Tuesday, May 1, 2018

Paul Krugman Explains Why Tax Cuts Don't Raise Wages

The major thrust of the Republican tax bill was to cut taxes for US corporations.  Of course, that does not excite most voters who want something for themselves.  Republicans always promise their voters that tax cuts will produce more jobs and increase their wages.  They defended the corporate tax cuts by claiming that corporations would increase investment spending.  That would stimulate economic growth and raise their wages.  Paul Krugman describes how that process would work if indeed corporate executives increased business investment.  So far, however, corporations have not used the influx of cash to increase business investment.  Consequently, the tax cuts have not had much of an impact on job growth or wage increases.  Corporations have used most of their cash influx to buy back their own stock and to increase dividend payouts.  That has been good for shareholders and corporate executives, who are also large shareholders, but it has not done much for most Americans who are not large shareholders.

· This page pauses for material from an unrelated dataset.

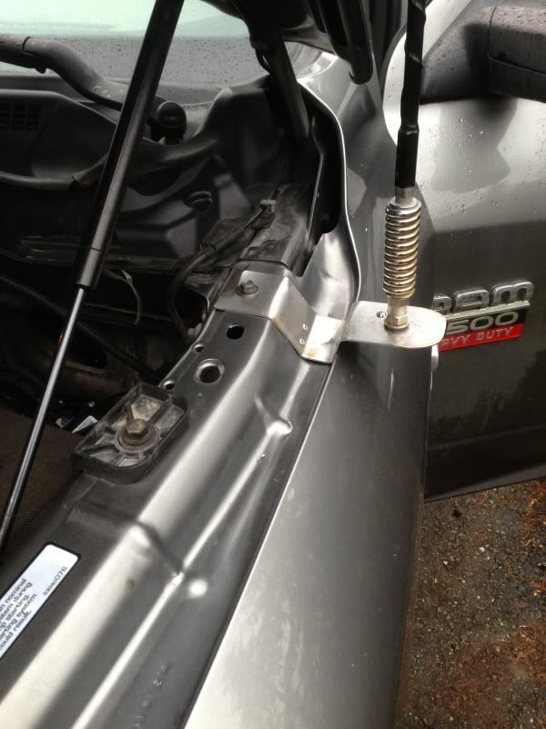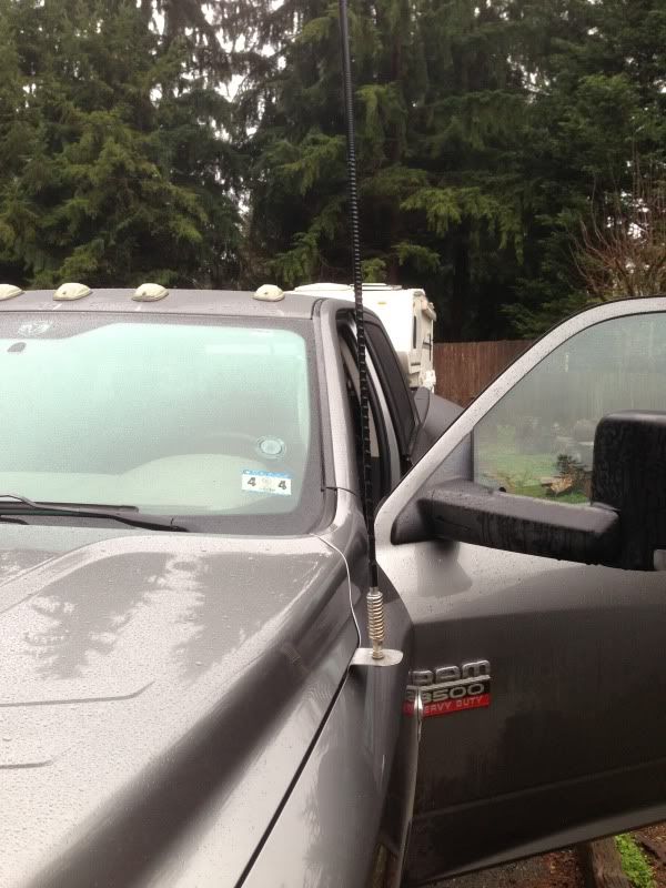 Getting the coax/ground from the antenna into the cab took a little effort. Just to be sure that I drilled in the right location, I pulled the mirror to get a closer look. I added a grommet and later sealed it up with some silicone just for good measure. As you can see in the picture, the mirror has quite a bit of structural support. I strongly suggest pulling the mirror before drilling just to make sure that you get it right.

Most economists are not surprised by this result.  Corporations tend to make capital investments when the expected return on investment exceeds the interest rate.  Interest rates have been low and corporate profits have increased retained earnings which might also be used to fund investment. They were not waiting for extra cash from tax cuts to make capital investments. They could also fuel growth through mergers and acquisitions instead of making capital investments.